Pat Baldwin

Personal information
- Full name: Patrick Michael Baldwin
- Date of birth: 12 November 1982 (age 43)
- Place of birth: City of London, England
- Height: 6 ft 0 in (1.83 m)
- Position: Defender

Youth career
- 2001–2002: Chelsea

Senior career*
- Years: Team / Apps / (Gls)
- 2002–2012: Colchester United / 209 / (1)
- 2003: → St Albans City (loan) / 3 / (0)
- 2009: → Bristol Rovers (loan) / 6 / (0)
- 2010: → Southend United (loan) / 18 / (1)
- 2012: Southend United / 2 / (0)
- 2012: → Exeter City (loan) / 9 / (0)
- 2012–2015: Exeter City / 73 / (1)
- 2015–2016: Weymouth / 5 / (0)
- Total:  / 325 / (3)

= Pat Baldwin (footballer) =

English footballer (born 1982)

Patrick Michael Baldwin (born 12 November 1982) is an English former footballer who played as a defender.

Baldwin began his career at Chelsea, but after failing to break into the first team moved to Colchester United, where between 2002 and 2012, he made over 200 league appearances. He has played for Southend United in two spells and on-loan for Bristol Rovers.

== Personal life ==

Just weeks after signing for Colchester in September 2002, Baldwin was bizarrely involved in two road accidents in the same day while on his way to training from his home in Southend-on-Sea. The first incident was a bump from behind and the second a collision with a mini-bus after skidding across a roundabout. He escaped from both incidents unhurt.

He studied at Staffordshire University for a degree in sports, graduating in 2015.

== Playing career ==

===Colchester United===
Baldwin signed for Colchester United from Chelsea on 12 August 2002. Baldwin, born in City of London, failed to make an appearance for the Chelsea first-team, and was released by the club at the end of the 2001–02 season. He had spent ten years as a trainee for the London club, working under Steve Clarke and training alongside the likes of John Terry, Frank Lampard and Eiður Guðjohnsen, with Carlton Cole and Robert Huth in the same youth team as Baldwin.

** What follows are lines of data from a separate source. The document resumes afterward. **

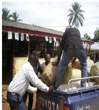
Préparation de la livraison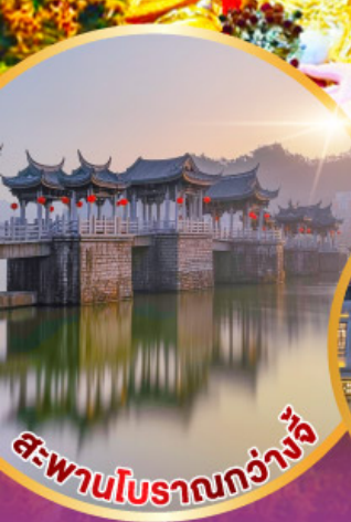
สะพานโบราณกว้างจุ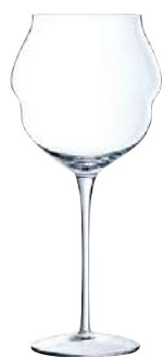
MACARON C6 COPAS 60 cl Ref: 9129414 Ref: AIF L9414 2/40 M: Ø 105 mm H: 235 mm P: 195 gr 48,80€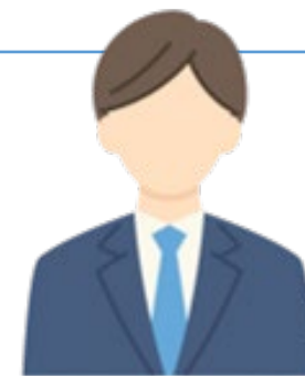
開発部 チームリーダー：Bさん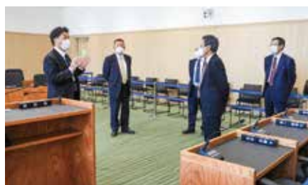
議場内の傍聴席からは議員の顔も理事者（各課長）の顔もよく見える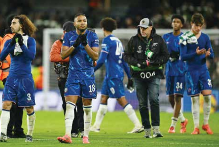
○ تشلسي يواصل انتصاراته.

لشلسي بأن يصبح على بعد نقطتين فقط من ليفربول بعدما حقق فريق المدرب الإيطالي إنسو ماريكا انتصاره الخامس تواليًا بتغلبه على برنتفورد ١-٢. وستكون الفرصة سانحة أمام تشلسي الذي أنهى دور المجموعة الموحدة من مسابقة كونفرنس ليغ، بالعلامة الكاملة بفوزه الخميس على شامروك روفرز الإيرلندي ٥-١، كي يتصدر وإن كان مؤقتًا حين يواجه الأحد مضيفه إيبرتون السادس عشر قبل اللقاء المرتقب بين ليفربول وتوتنهام، الفريق الذي لا يعلم أحد كيف سيظهر ضد «الحمر» في ظل موسمه المتقلب (٧ انتصارات مقابل ٧ هزائم وتعادلين).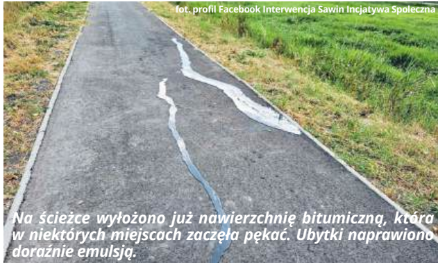
Na ścieżce wyłożono już nawierzchnię bitumiczną, która w niektórych miejscach zaczęła pękać. Ubytki naprawiono doraźnie emulsją.

Ścieżka pieszo-rowerowa w ciągu drogi wojewódzkiej nr 812 nie została jeszcze oddana do użytkowania, a mieszkańcy gminy zauważyli, że pojawiły się na niej pierwsze defekty. W sieci opublikowano zdjęcie rysy w nawierzchni bitumicznej, którą postanowiono naprawić doraźnie emulsją asfaltową. Wójt Agnieszka Dąbrowska zaznacza, że nie ma powodów do niepokoju.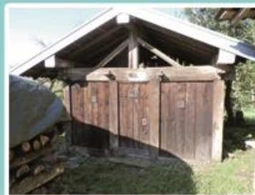
Au Prémourey centre, le Chalot de 1681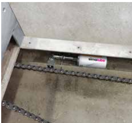
Als er beperkte ruimte is kunnen de simalube patronen ook schuin geïnstalleerd worden.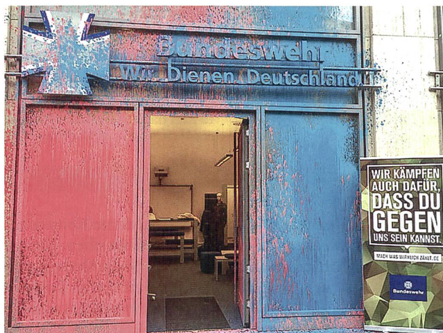
Kampf an allen Fronten.

Andere Waffengattungen haben ähnliche Probleme: bei der Luftwaffe zeigt das A400M-Debakel Wirkung. Von offizieller Seite wurde bekannt gemacht, dass sich demnächst zwei Fähigkeitslücken eröffnen. Erstens kann nicht mehr soviel wie gefordert transportiert werden und zweitens stehen keine geeigneten Mittel für kritische Missionen (in Kriegsgebiete, für Evakuationen, usw.) zur Verfügung. Deshalb plant die Luftwaffe nun gemeinsam mit Frankreich, allenfalls auch England, altgediente Maschinen des Typs HERKULES C-130 zu beschaffen. Da dieser Typ weder in die Weissbuchstrategie noch in das aktuelle Beschaffungskonzept passt, nimmt das Verteidigungsministerium derzeit noch keine Stellung.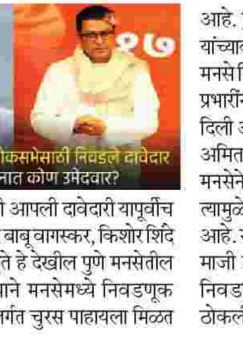
अमित ठाकरेची पुणे लोकसभेसाठी निवडलेले दावेदार राज ठाकरेच्या मनात कोण उमेदवार?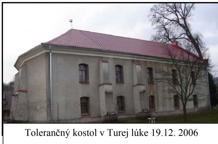
Tolerančný kostol v Turej lúke 19.12. 2006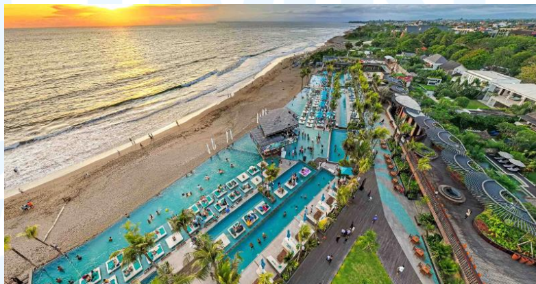
Gambar 2.10 Atlas Beach Fest

Atlas Beach Fest, merupakan klub yang terletak di tepi pantai Cangu, Bali. Atlas diakui sebagai salah satu beach club terbesar di dunia, menjadikannya tujuan yang sangat diminati bagi mereka yang ingin menikmati hiburan di tepi pantai dengan sentuhan kemewahan. Atlas menyediakan berbagai fasilitas mewah seperti restoran, rooftop , kolam renang, dan tentu saja klub malam yang diposisikan secara strategis untuk menikmati pemandangan matahari terbenam di laut.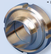
2012 Резьбовое соединение приварное - комплект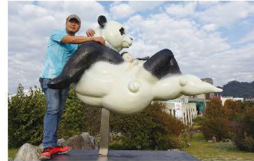
張也《夜未眠》，2017，玻璃纖維材質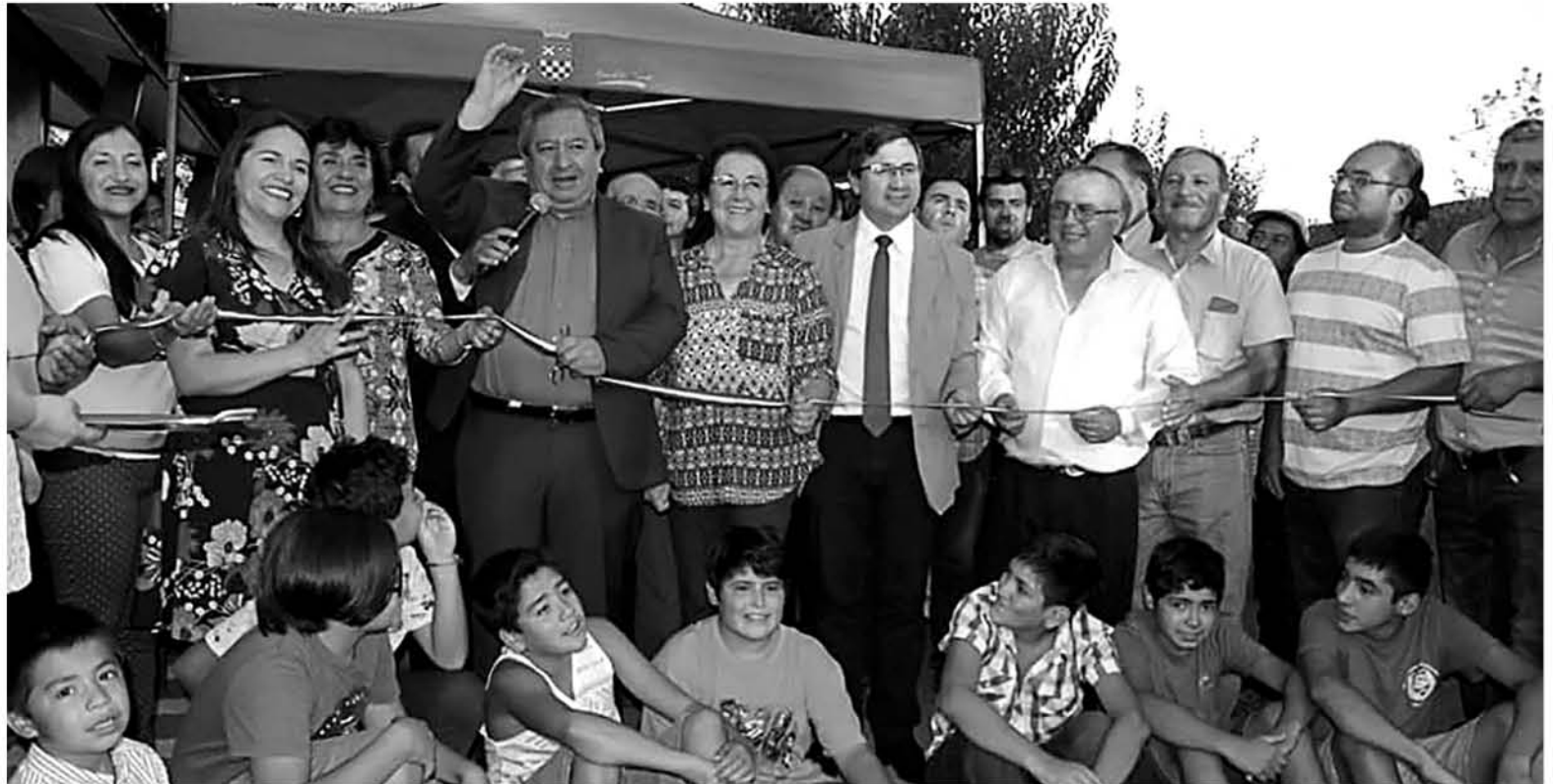
CON GRAN ALEGRÍA, directiva del Club social y deportivo Estrella Azul, recibió sus nuevas instalaciones.

Cabe señalar que en el mes de marzo del año 2018, tanto los directivos de la institución social y deportiva de "Estrella Azul" fir-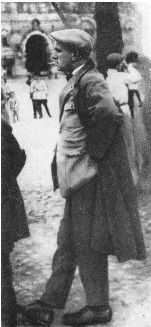
В. Маяковский на Красной площади. Фото. 1928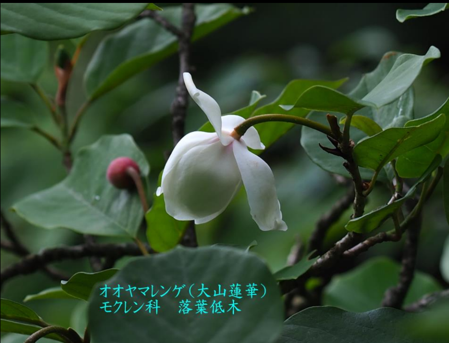
オオヤマレンゲ(大山蓮華) モクレン科 落葉低木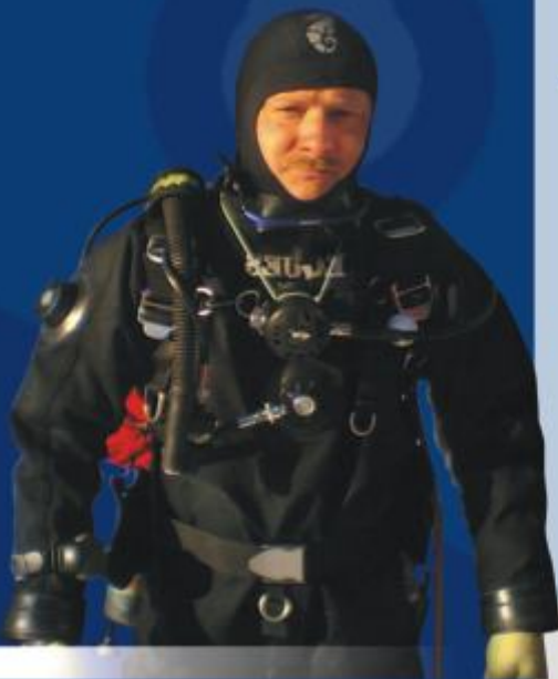
Szkoła Nurkowania z Legnicy rozpoczęła działalność w lutym tego roku.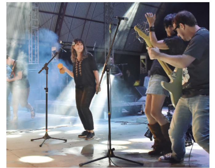
BANDA Triângulo das Bermúscas

Baldwin was loaned out to St Albans City in the Isthmian League in 2003, where he made three appearances for the club. After spending two seasons on the fringes of the first-team, he became a regular starter for the U's in the 2004–05 season, being rewarded a new two-year contract in March 2005 and leading him to be named as Colchester United 'Player of the Year' for 2005.

In 2006, an FA Cup run led to Colchester being paired against Baldwin's former club Chelsea, allowing him to play against the club he joined as a ten-year-old. Colchester would lose the game 3–1 after taking the lead. The same season, Baldwin aided the U's to second position in League One and promotion to the second tier for the first time in the club's history during the 2005–06 season.

On 25 November 2006, Baldwin scored his first and only league goal for Colchester in a 3–0 victory in the Essex derby over rivals Southend United.

Baldwin agreed to another two-year contract extension in February 2007 on the back of Colchester's success in their debut season in the Championship, with Baldwin a regular starter. He was sent-off in a 2–1 home league defeat to Crystal Palace on 24 November 2007, his first red card for the club.

In January 2008, Baldwin suffered shoulder and knee injuries that would keep him out for nine months, unable to help Colchester's relegation from the second to the third tier of English football. He played his first game with the reserve team during his comeback at the new Colchester Community Stadium on 9 September 2008.

In January 2009, Baldwin was involved in the U's first away clean-sheet since August 2007 in a 0–0 draw with Bristol Rovers, a span of 17 months, having played in both fixtures, the other being a 3–0 away win at Preston North End. His performances and consistency garnered praise from manager Paul Lambert following a run of good results and clean-sheets. In the summer of 2009, Baldwin signed a new three-year contract extension.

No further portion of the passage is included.